I’m on solo and my mission is simple: prevent WW3. Trust me, it’s a lot different from Call of Duty……mmm I haven’t played other games. I’m on a snow covered mountain area in Russia. About 3 decades ago Russia made a portable silo for ballistic missiles. I don’t remember what they actually called it. But some info was available for the public. Nobody really cared much. But I did. I was born in the 90s and as a teenager, I was really gung-ho about it. The public was only given a teaser and my enthusiasm slowly died.
Mother Russia had focused a lot of her resources developing their “god of war”. I spent the last 10 hrs scavenging info and my command station had also gathered valuable info. According to what I gathered, the weapon is codenamed “Split Ark”. They sure did make it sound like some gene bank. But it’s actually threatening to wipe out NYC.
I always wanted to be a hero and save the world from the next world war. Now carrying the weight of the world, all I have to say is war epics aren’t very different from fairy tales. Those fairy tales gave me such a cute rosy image of the world. I thought I’d be a world famous knight when I grow up. Well my mom said I’d be a princess. Then she said a great lady, and then a well brought up woman, an earnest student, hardworking independent girl with a stable job…… [I just can’t take…..have to take in…] I saw two mercenaries on guard duty. I sedated them and dragged them into a nice hidden place.

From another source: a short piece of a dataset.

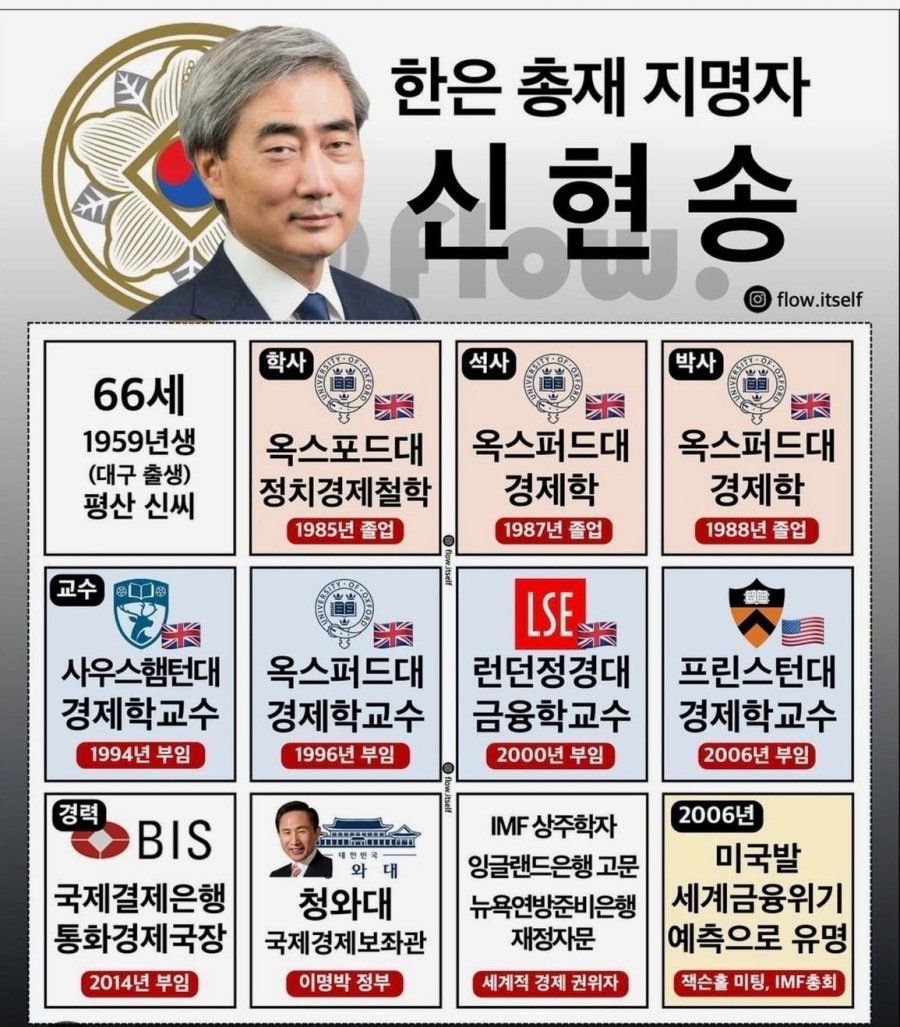 한은총재 지명자 스펙 ㄷㄷㄷ

My eyes were wet and I felt a great anger. Now at least I can release all of it on these two… For all the traumas I had as a child I gave those two some good payback. I kept on punching them till my hands hurt and they bleed to death.
When I was small I was treated like a princess. I was given everything. Then I was treated as a lady; Then a student. While I was in high school I learned what it meant to be a soldier. I was given everything…… as long as it was required for my function called studying. I was like my parent’s manager. If their investments don’t pay off well, things get problematic for me.
At that time I slowly started chasing my dreams. I was asked to study well, work hard and get a good job. But I wanted to be a hero…a heroine. I was wishing the world would fall apart so that I can go and save it. I wanted to be a part of something like GI Joe. I wanted to be like an action star from the 80s or90s. That’s when I was called a hopeless kid, bad student, bad example. Then everyone said I’d be the black mark of the family. Then my own mom who said that I’d be a princess, degraded me saying that I’d be a transgender When I grow up! The contradiction between the real stiff and what kids are told is even worse when it comes to war.